但是如果万一任务失败,我想自定义电子邮件并发送到指定的电子邮件ID。但这是没有发生的,在失败的情况下,使用默认主题和正文发送电子邮件
任何帮助将不胜感激
答案 0 :(得分:2)
我为此使用on_failure_callback
。请注意,它将在DAG中的每个失败任务中触发。
def report_failure(context):
# include this check if you only want to get one email per DAG
if(task_instance.xcom_pull(task_ids=None, dag_id=dag_id, key=dag_id) == True):
logging.info("Other failing task has been notified.")

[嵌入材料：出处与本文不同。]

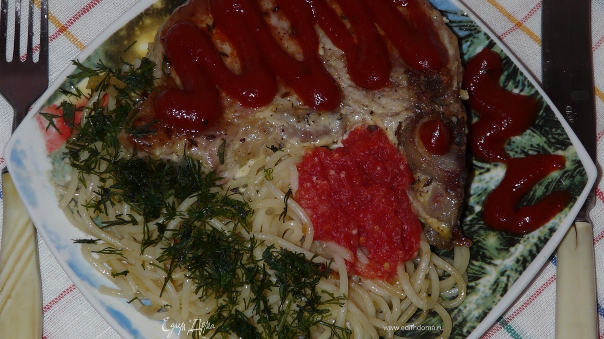 - Шаг 3По прошествии времени выключите духовку и так же оставьте рульку, чтобы немного остыла. После выложите на тарелку по кусочку свинины добавьте гарнир спагетти, по вкусу украсьте зеленью и добавьте соус (кетчуп). Блюдо готово — можно подавать к столу.

send_email = EmailOperator(...)
send_email.execute(context)
'''
dag = DAG(
...,
default_args={
...,
"on_failure_callback": report_failure
}
)
答案 1 :(得分:2)
我借助Airflow TriggerRule(以下示例DAG)进行了管理:-
import airflow
from airflow import DAG
from airflow.contrib.operators.databricks_operator import DatabricksSubmitRunOperator
from airflow.operators.email_operator import EmailOperator
from airflow.operators.bash_operator import BashOperator
from airflow.operators.http_operator import SimpleHttpOperator
from airflow.operators.sensors import HttpSensor
import json
from datetime import timedelta
from datetime import datetime
from airflow.models import Variable
from airflow.utils.trigger_rule import TriggerRule
args = {
'owner': 'airflow',
'email': ['test@gmail.com'],
'email_on_failure': True,
'email_on_retry': True,
'depends_on_past': False,
'start_date': airflow.utils.dates.days_ago(0),
'max_active_runs':10
}
dag = DAG(dag_id='TEST_DAG', default_args=args, schedule_interval='@once')
new_cluster = {
'spark_version': '4.0.x-scala2.11',
'node_type_id': 'Standard_D16s_v3',
'num_workers': 3,
'spark_conf':{
'spark.hadoop.javax.jdo.option.ConnectionDriverName':'org.postgresql.Driver',
.....
},
'custom_tags':{
'ApplicationName':'TEST',
.....
}
}
t1 = DatabricksSubmitRunOperator(
task_id='t1',
dag=dag,
new_cluster=new_cluster,
......
)
t2 = SimpleHttpOperator(
task_id='t2',
trigger_rule=TriggerRule.ONE_SUCCESS,
method='POST',
........
)
t2.set_upstream(t1)
t3 = SimpleHttpOperator(
task_id='t3',
trigger_rule=TriggerRule.ONE_SUCCESS,
method='POST',
.....
)
t3.set_upstream(t2)
AllTaskSuccess = EmailOperator (
dag=dag,
trigger_rule=TriggerRule.ALL_SUCCESS,
task_id="AllTaskSuccess",
to=["test@gmail.com"],
subject="All Task completed successfully",
html_content='<h3>All Task completed successfully" </h3>')
AllTaskSuccess.set_upstream([t1, t2,t3])
t1Failed = EmailOperator (
dag=dag,
trigger_rule=TriggerRule.ONE_FAILED,
task_id="t1Failed",
to=["test@gmail.com"],
subject="T1 Failed",
html_content='<h3>T1 Failed</h3>')
t1Failed.set_upstream([t1])
t2Failed = EmailOperator (
dag=dag,
trigger_rule=TriggerRule.ONE_FAILED,
task_id="t2Failed",
to=["test@gmail.com"],
subject="T2 Failed",
html_content='<h3>T2 Failed</h3>')
t2Failed.set_upstream([t2])
t3Failed = EmailOperator (
dag=dag,
trigger_rule=TriggerRule.ONE_FAILED,
task_id="t3Failed",
to=["test@gmail.com"],
subject="T3 Failed",
html_content='<h3>T3 Failed</h3>')
t3Failed.set_upstream([t3])
触发规则
尽管正常的工作流程行为是在所有直接上游任务都成功后触发任务,但是Airflow允许进行更复杂的依赖项设置。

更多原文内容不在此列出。